The Konark Temple, built in the 13th century C.E., incorporates sophisticated engineering techniques and astrological expertise to forecast the time of day down to the minute.
The Konark Sun Temple was built in the 13th century by King Narasimhadeva I of the Eastern Ganga Dynasty.
The words "Kona" and "Arka" are combined to form the term "Konark." Sun of the Corner is the combination of the words "Kona" (Corner) and "Arka" (Sun).
The sundial has 8 main spokes dividing the day into 8 equal parts of 3 hours each, with 8 smaller spokes in between indicating 90-minute intervals.
The wheel's 30 large beads divide 90 minutes into 30 equal 3-minute intervals, enabling precise timekeeping by observing the sun's shadow.

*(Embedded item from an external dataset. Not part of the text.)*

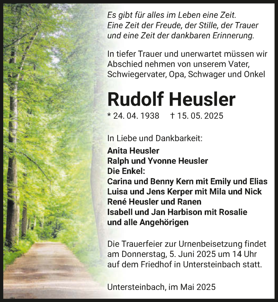 Hier finden Sie alle Traueranzeigen aus der Zeitung, die bisher für Rudolf Heusler erschienen sind. Weitere Traueranzeigen, die in der Zeitung erscheinen, werden hier ebenfalls aufgelistet
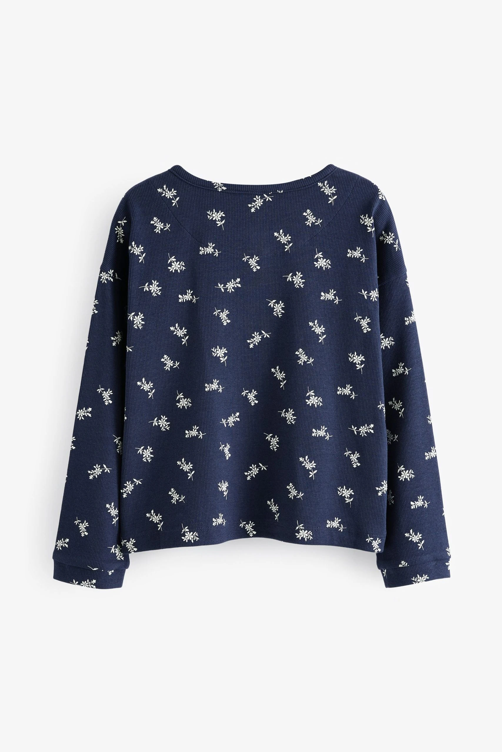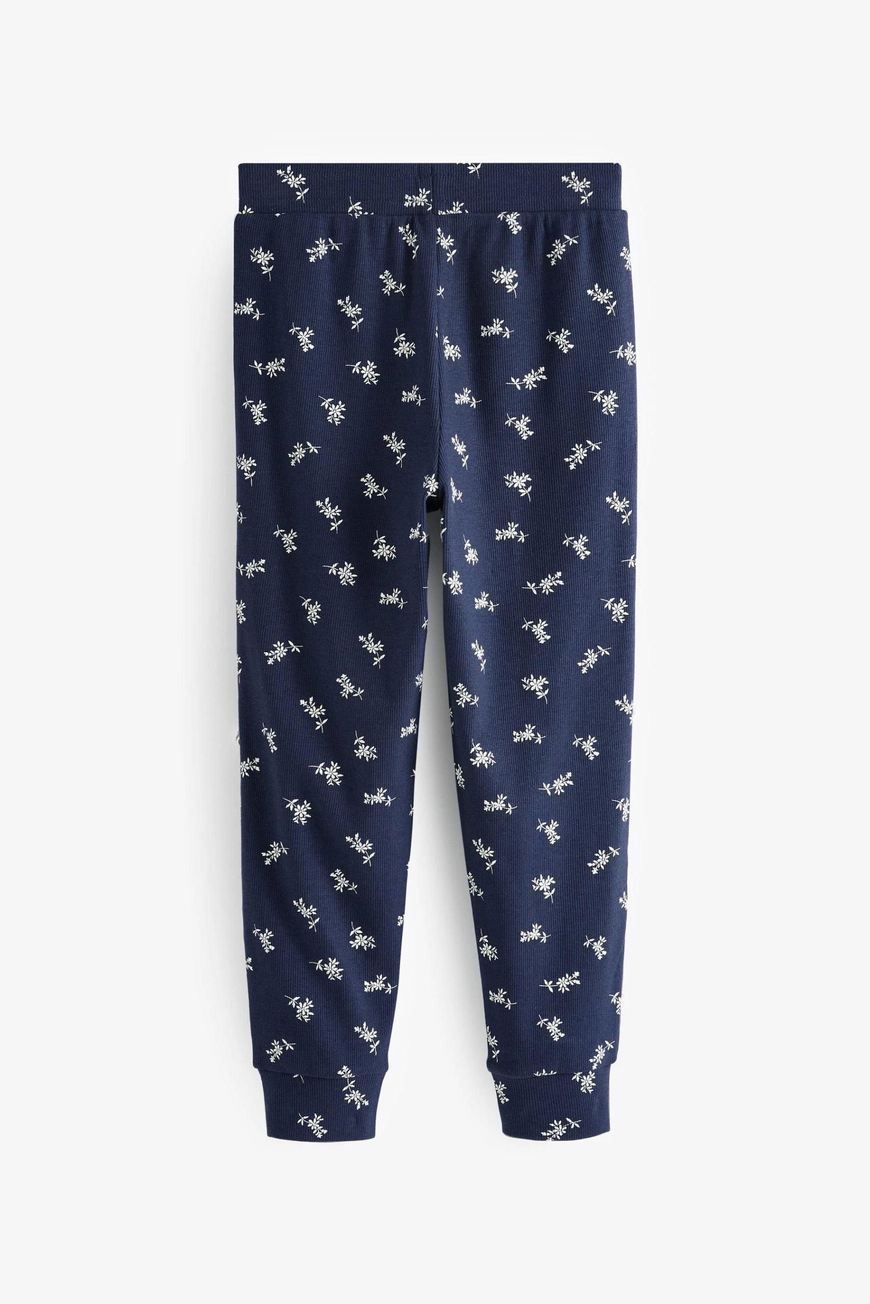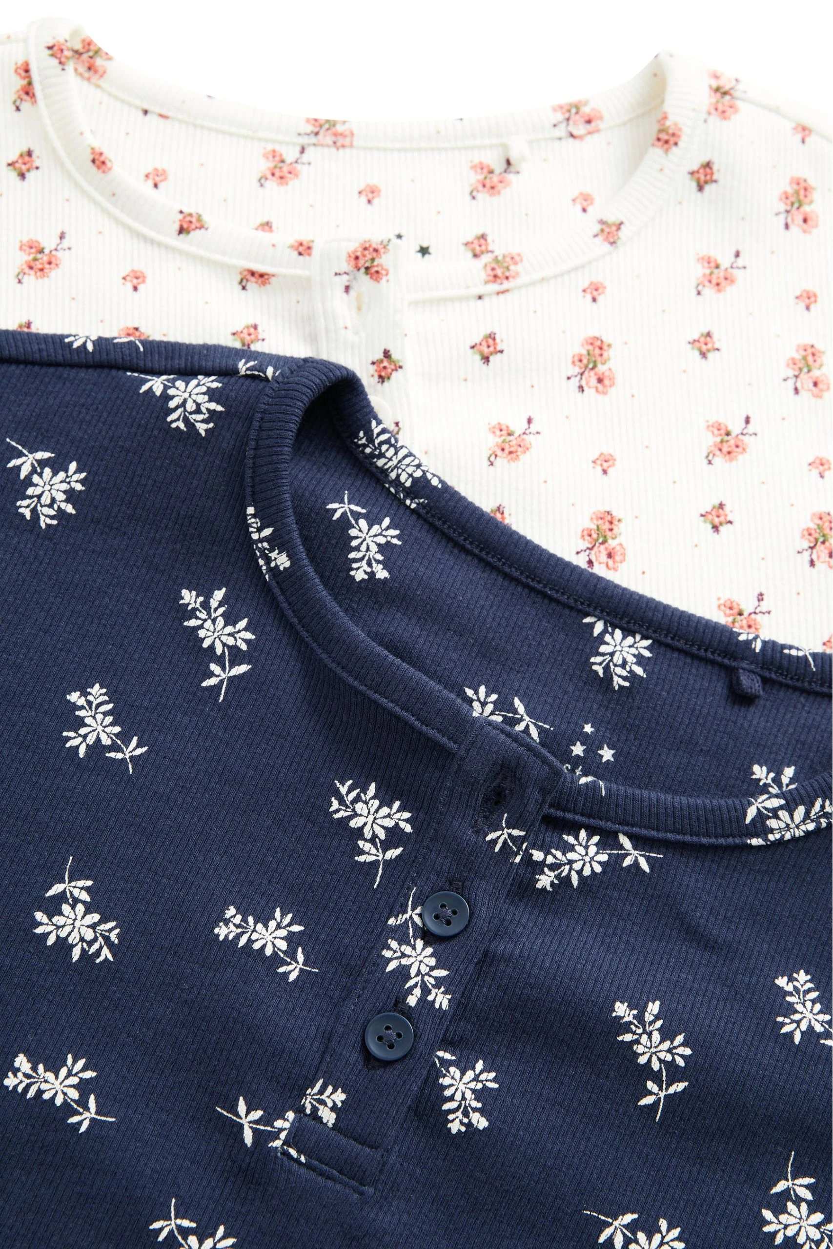 Pack of 2 Pyjama set. Allover ditsy floral print. Pointelle fabric. Long sleeve T-Shirt. Crew neck with button front detail . Joggers with elasticated waist and cuffed ankle.

The Konark Sun Mandir has 24 such wheels carved across the temple which are said to serve as moon dials.
The Konark Sun Temple resembles a chariot pulled by seven horses and showcases Hindu mythological scenes through intricate sculptures and carvings
It is said that the Konark Sun Temple is erected on the ruins of an ancient city that got submerged under the Bay of Bengal due to a massive flood. The city is still under the temple
The Konark Sun Temple is rumored to have undiscovered rooms and secret passages that may contain treasures and artifacts hidden by the temple priests.
The Konark Sun Temple is situated around 35 km from Puri, and is accessible by road via Bhubaneswar or other nearby cities. Taxis or buses are available for visitors to travel to the temple from Puri.